---------- RECORDED DATA ----------

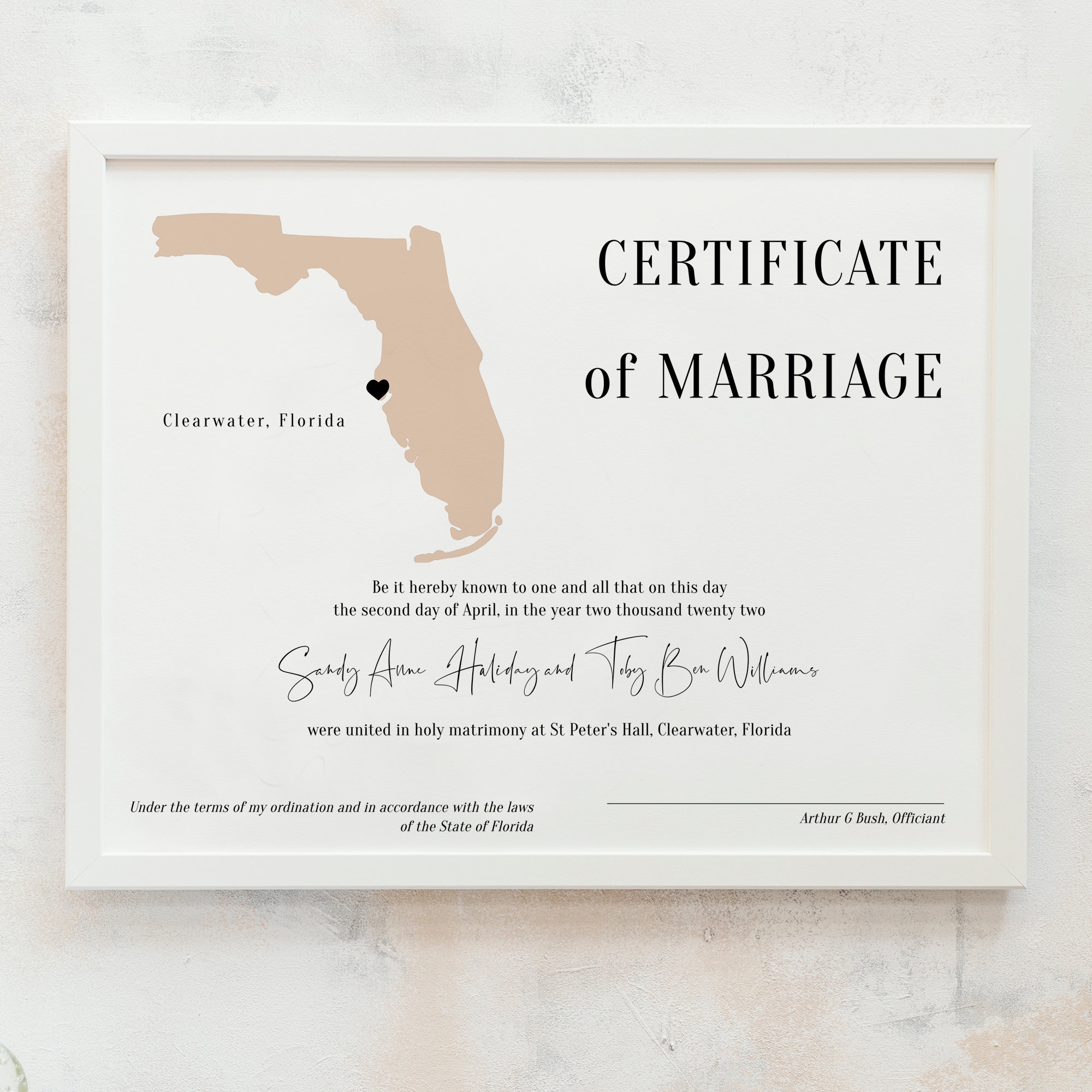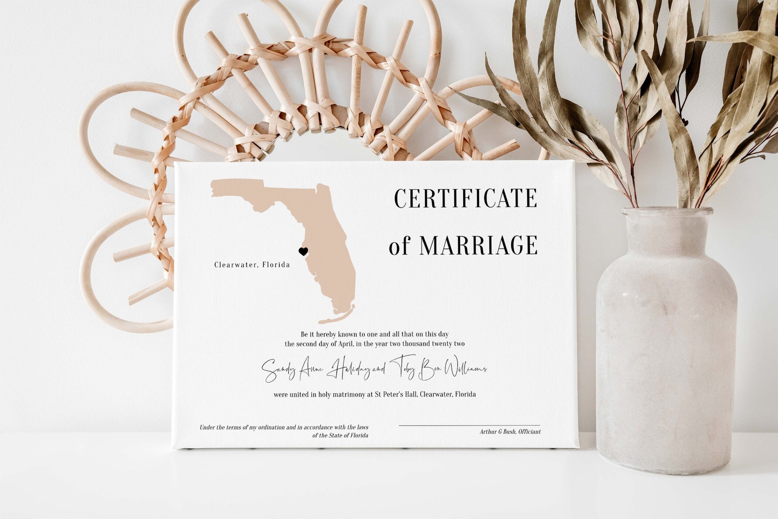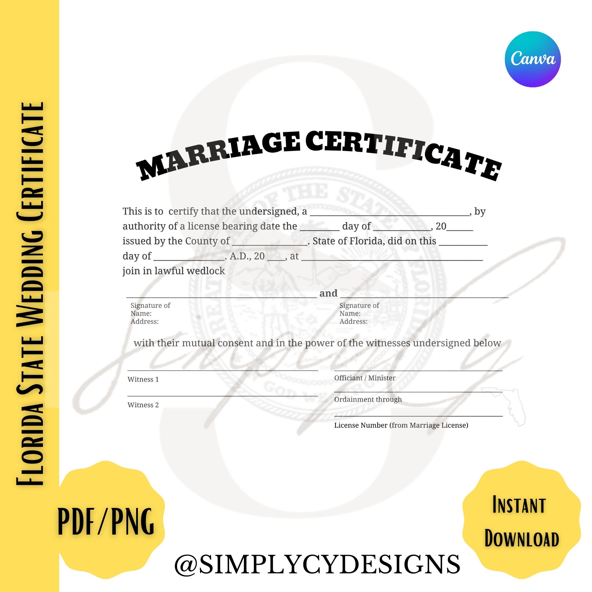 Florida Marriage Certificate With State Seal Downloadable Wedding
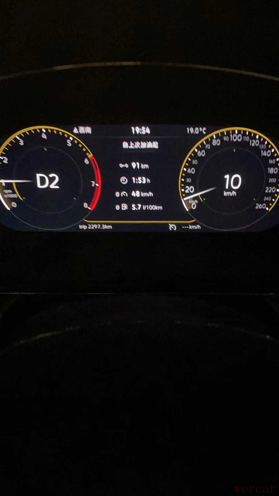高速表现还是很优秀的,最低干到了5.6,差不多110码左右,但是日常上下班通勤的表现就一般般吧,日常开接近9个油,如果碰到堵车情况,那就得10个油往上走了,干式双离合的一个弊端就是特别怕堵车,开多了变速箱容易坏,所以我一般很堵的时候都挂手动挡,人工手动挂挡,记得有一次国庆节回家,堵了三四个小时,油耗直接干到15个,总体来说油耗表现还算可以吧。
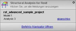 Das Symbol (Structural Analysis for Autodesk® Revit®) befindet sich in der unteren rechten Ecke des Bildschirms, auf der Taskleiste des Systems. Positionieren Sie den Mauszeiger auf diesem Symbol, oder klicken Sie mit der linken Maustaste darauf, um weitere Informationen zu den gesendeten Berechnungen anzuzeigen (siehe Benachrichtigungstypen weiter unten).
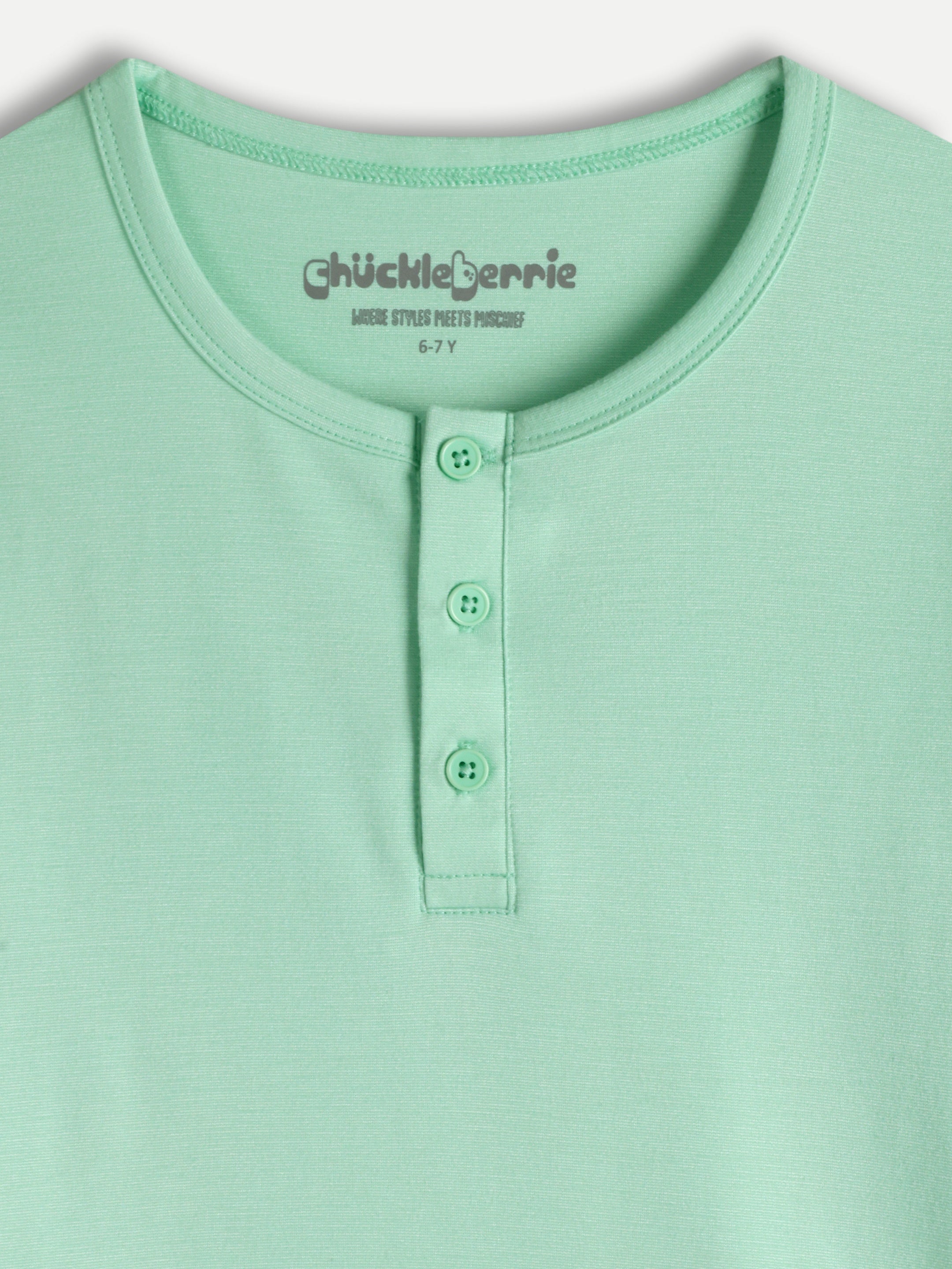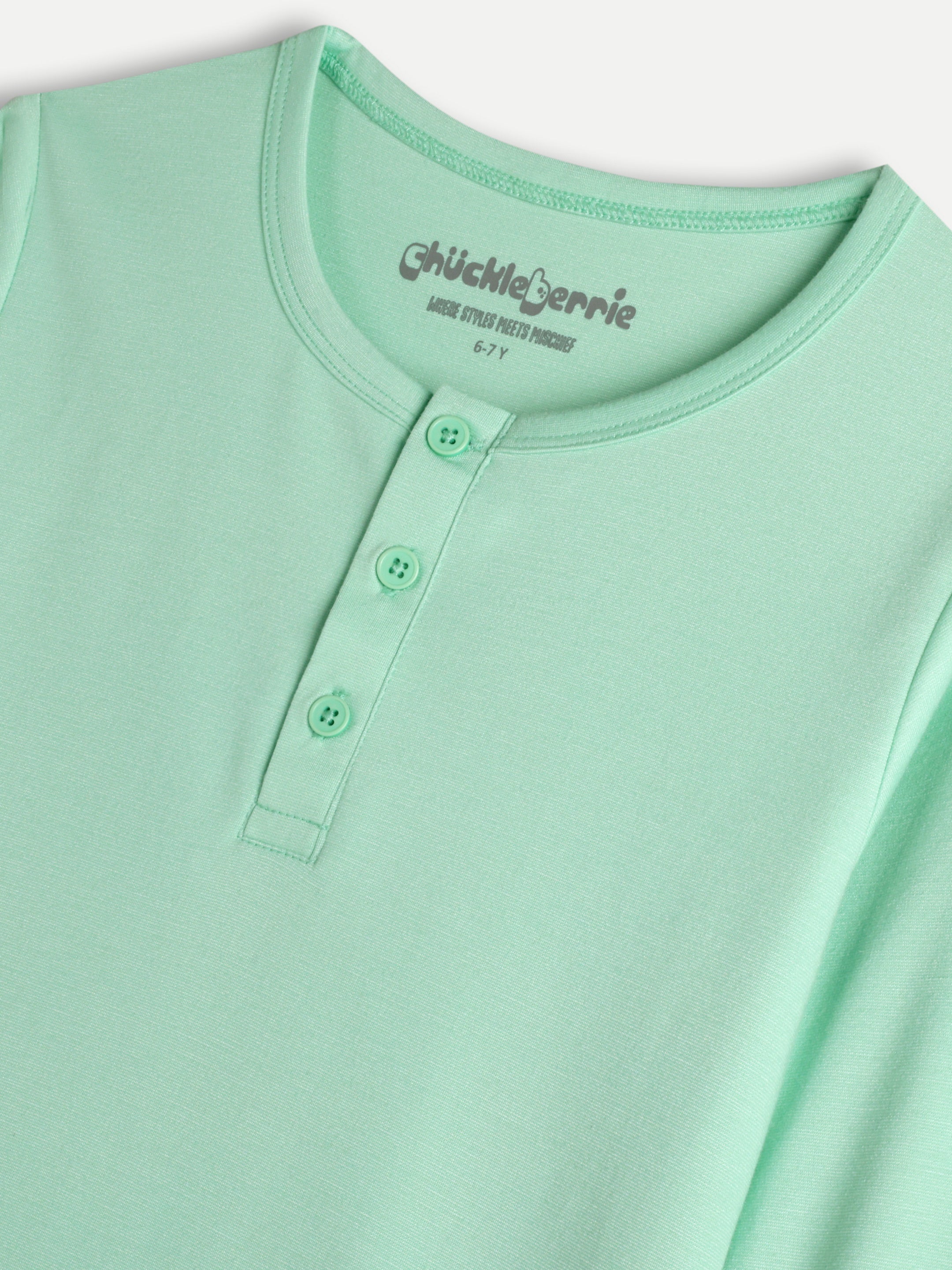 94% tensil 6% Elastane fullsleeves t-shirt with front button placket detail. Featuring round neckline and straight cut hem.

----------

_WORK ORDER_
Take the material above and set it down exactly, minus the images.

_ANSWER SPACE_
 Florida Marriage Certificate With State Seal Downloadable Wedding
高速表现还是很优秀的,最低干到了5.6,差不多110码左右,但是日常上下班通勤的表现就一般般吧,日常开接近9个油,如果碰到堵车情况,那就得10个油往上走了,干式双离合的一个弊端就是特别怕堵车,开多了变速箱容易坏,所以我一般很堵的时候都挂手动挡,人工手动挂挡,记得有一次国庆节回家,堵了三四个小时,油耗直接干到15个,总体来说油耗表现还算可以吧。
 Das Symbol (Structural Analysis for Autodesk® Revit®) befindet sich in der unteren rechten Ecke des Bildschirms, auf der Taskleiste des Systems. Positionieren Sie den Mauszeiger auf diesem Symbol, oder klicken Sie mit der linken Maustaste darauf, um weitere Informationen zu den gesendeten Berechnungen anzuzeigen (siehe Benachrichtigungstypen weiter unten).
 94% tensil 6% Elastane fullsleeves t-shirt with front button placket detail. Featuring round neckline and straight cut hem.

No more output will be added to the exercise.